TL;DR; I am looking for a formula to do one random draw for
"$f_P(X)$ = the smallest number of a set of $X$ numbers, if each number is choosen with Probability $P$?"
First of all, I am sorry if I butcher some math linguistic, e.g. using "Probability" or "random draw" wrongly. Although I like math, I am a programmer by profession and by heart, so my terminology might be inaccurate. :-} (please correct me, though! :D)
Now, I am pondering over a math calculation problem for a code I am writing here (for a game, actually). The problem is the following: From a huge list of things, every item of the list has a very small probability of being "choosen". Lets make a concrete example: If you have Numbers from 1 to a Billion ($X=10^9$). And every number has a probability of being "choosen" of $P=0.001\%=10^{-5}$. What is an efficient way of doing one random sample selection set of all choosen numbers?

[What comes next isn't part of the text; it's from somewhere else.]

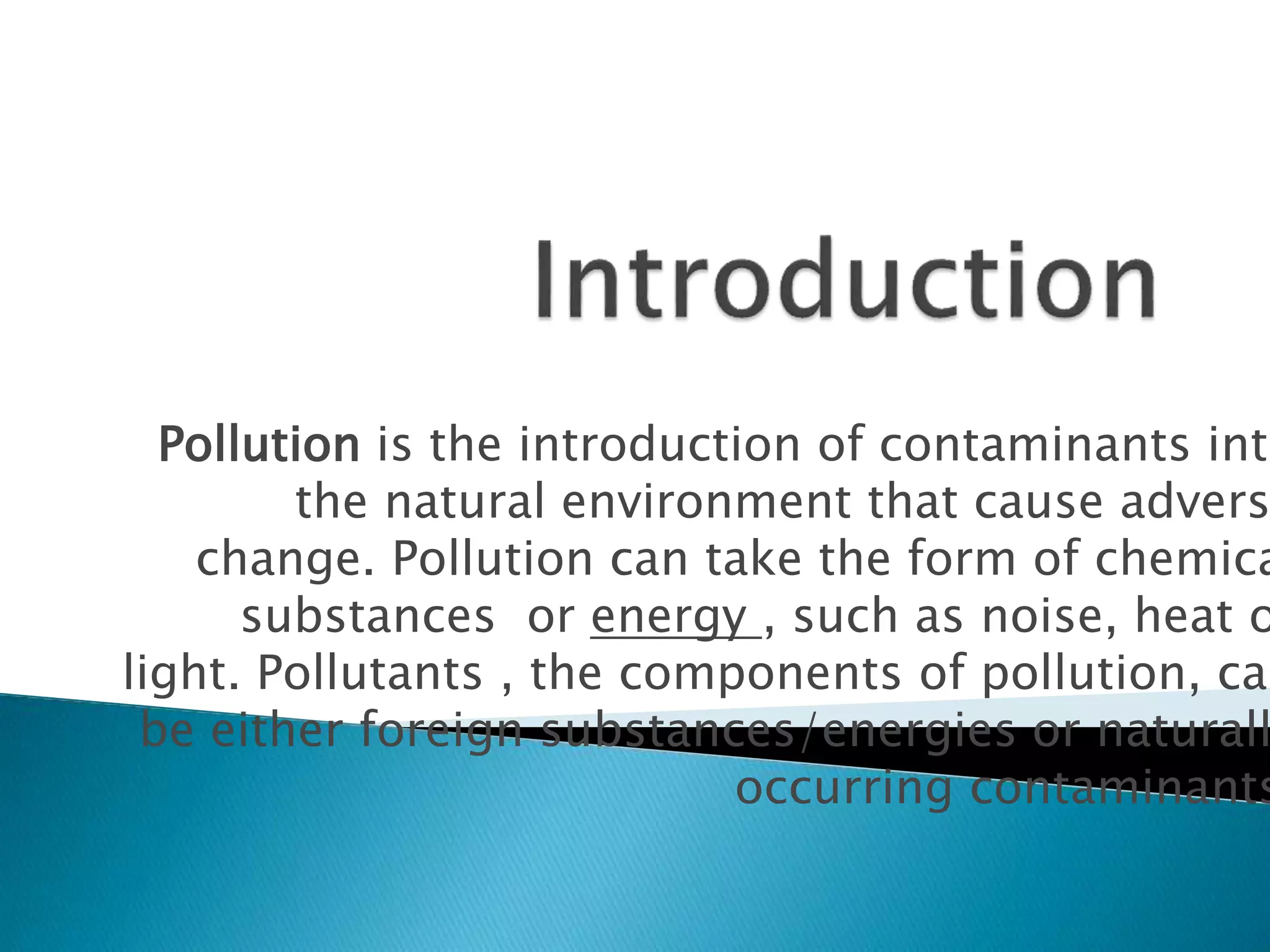 Pollution is the introduction of contaminants into the natural environment that cause adverse changes. There are several types of pollution discussed in the document, including air, noise, soil, water, light and litter pollution. Air pollution involves direct release of chemicals into the environment. Noise pollution is an increase in unpleasant sounds that adversely affect humans. Soil pollution contaminates soil by releasing harmful substances. Water pollution affects aquatic life and humans rely on water. Various types of pollution can cause human health issues like respiratory diseases and hearing loss. Pollution control aims to manage emissions and effluents through practices like recycling, reusing, and waste minimization.

The straight-forward way of doing this would be to look at each number individually, flip a coin (with $P=10^{-5}$) and randomly either choose it or not, remembering all choosen numbers this way. Unfortunately, that means, I have to flip my coin 1 Billion times (once for each possible number). In the end, there will be only approximately $\frac{10^9}{10^{-5}}=1000$ numbers choosen, so I might have gotten away with only 1000 coin flips.
The next idea I had was to first randomize "how many numbers there will probably be choosen". Then make an urn with 1 Billion numbers in it and start drawing without "putting back". I am not 100% sure about the exact formulas involved here, but this idea has another issue: "Drawing numbers without putting back" from a large pool of numbers is not very efficient for the programming circumstances I had in mind either.

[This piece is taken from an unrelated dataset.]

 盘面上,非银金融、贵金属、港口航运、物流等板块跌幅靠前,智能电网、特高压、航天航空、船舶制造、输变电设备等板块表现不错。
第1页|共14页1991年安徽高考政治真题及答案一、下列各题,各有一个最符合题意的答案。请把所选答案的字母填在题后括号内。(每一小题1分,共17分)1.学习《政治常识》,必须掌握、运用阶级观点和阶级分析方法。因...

So finally my last idea was, that is should be possible to have a formula for the following statement (for one random draw):
"$f_P(X)$ = the smallest number of a set of $X$ numbers, if each number is choosen with Probability $P$ or $X+1$ if not a single number was choosen?"
Then, I could first run the formula with $X_0=f_P(10^9)$ to get my first number. Then again with $X_1=X_0 + f_P(10^9 - X_0)$ and so on... $X_{m+1} = X_m + f_P(10^9 - X_m)$ until $X_m \geq 10^9$.

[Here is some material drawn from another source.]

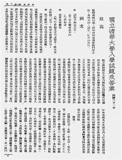 清华最出名的一次考试题大概算是1932年的国文题了。那次的作文题是《梦游清华园记》,这个题目很自由,你可以没有做梦,也可以真的做了梦,愿意怎么做就怎么做;也可以说自己的志向,还可以给学校提要求,你理想的学校是什么,怎么作都可以。

This would hopefully result in a lot less dice rolling and should give the exact same probability distribution as the original "straight-forward" solution, right?
Now I am stuck trying to meld this into one formula.
I tried to start with a solution for a very simple case like $f_{0.1}(10)$. Well, the probability that $f_{0.1}(10)=1$ is clearly $10\%$ (namely if the first number is choosen. Then the others don't matter anymore). Then for $f_{0.1}(10)=2$ its $0.9*0.1 = 0.09$ (first is not choosen, but second is) and so on until for $f_{0.1}(10) = 11$ its about $0.9^{10} \approx 0.35$. I can calculate that for every number, multiply by the number and sum everything up to get my expected value.
Well, but that is a lot of multiplying and adding. That was not the point of the exercise ;-), as I wanted to reduce my number of needed calculations! Is there a way to get from this to a formula where I just plug in $X$ and $P$ and do a couple of operations and some coin flipping or dice rolling?
I am not sure whether I understand your question correctly, but I think the question you are asking is directly related to the question 'What is the expected value of the geometric distribution?', which you can easily find, e.g. on https://en.wikipedia.org/wiki/Geometric_distribution
A word of explanation on how I understand your question. The random process where each item in your list X has a probability p is simply a repitition of a Bernoulli experiment; the fact that you are asking the question "which item will have the first success?" is precisely encaptured by the geometric distribution. In principle, you might encounter the problem with your finite set X that (in your language) no number at all will be selected, which precisely means that no Bernoulli experiment will be succesfull. As long as your probability p is much bigger than 1/(size X) (as in your example with size(X)=10^9 and p=10^-5) the probability of no such success will be neglible, though, so you can safely work with the geometric distribution.